Extracted records:
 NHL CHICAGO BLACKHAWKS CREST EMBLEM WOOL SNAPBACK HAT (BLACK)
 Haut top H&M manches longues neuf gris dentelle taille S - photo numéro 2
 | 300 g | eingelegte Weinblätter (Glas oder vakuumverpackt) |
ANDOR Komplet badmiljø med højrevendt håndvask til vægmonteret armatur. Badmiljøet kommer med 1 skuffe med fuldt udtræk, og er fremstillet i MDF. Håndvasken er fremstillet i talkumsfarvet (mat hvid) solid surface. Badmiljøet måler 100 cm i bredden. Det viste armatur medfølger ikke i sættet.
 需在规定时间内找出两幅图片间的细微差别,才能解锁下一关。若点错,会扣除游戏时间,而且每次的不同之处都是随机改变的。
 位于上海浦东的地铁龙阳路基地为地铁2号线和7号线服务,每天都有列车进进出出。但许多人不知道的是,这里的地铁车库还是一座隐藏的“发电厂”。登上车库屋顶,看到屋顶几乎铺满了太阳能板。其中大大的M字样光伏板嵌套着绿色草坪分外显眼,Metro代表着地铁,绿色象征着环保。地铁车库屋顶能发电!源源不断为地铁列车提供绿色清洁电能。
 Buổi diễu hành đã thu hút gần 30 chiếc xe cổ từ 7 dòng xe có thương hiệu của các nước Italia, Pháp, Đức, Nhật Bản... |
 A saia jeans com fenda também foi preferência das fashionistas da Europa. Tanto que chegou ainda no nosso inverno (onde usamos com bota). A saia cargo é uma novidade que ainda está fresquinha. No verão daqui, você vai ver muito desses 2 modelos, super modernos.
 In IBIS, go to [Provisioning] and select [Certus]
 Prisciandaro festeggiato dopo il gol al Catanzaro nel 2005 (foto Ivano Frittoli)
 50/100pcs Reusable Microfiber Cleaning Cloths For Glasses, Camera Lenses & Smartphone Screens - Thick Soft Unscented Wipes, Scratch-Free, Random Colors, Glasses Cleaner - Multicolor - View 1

■ WORK INSTRUCTION:
The required output is the exact run of lines from the beginning of the records to the line with "需在规定时间内找出两幅图片间", that line included.

■ ANSWER BELOW:
 NHL CHICAGO BLACKHAWKS CREST EMBLEM WOOL SNAPBACK HAT (BLACK)
 Haut top H&M manches longues neuf gris dentelle taille S - photo numéro 2
 | 300 g | eingelegte Weinblätter (Glas oder vakuumverpackt) |
ANDOR Komplet badmiljø med højrevendt håndvask til vægmonteret armatur. Badmiljøet kommer med 1 skuffe med fuldt udtræk, og er fremstillet i MDF. Håndvasken er fremstillet i talkumsfarvet (mat hvid) solid surface. Badmiljøet måler 100 cm i bredden. Det viste armatur medfølger ikke i sættet.
 需在规定时间内找出两幅图片间的细微差别,才能解锁下一关。若点错,会扣除游戏时间,而且每次的不同之处都是随机改变的。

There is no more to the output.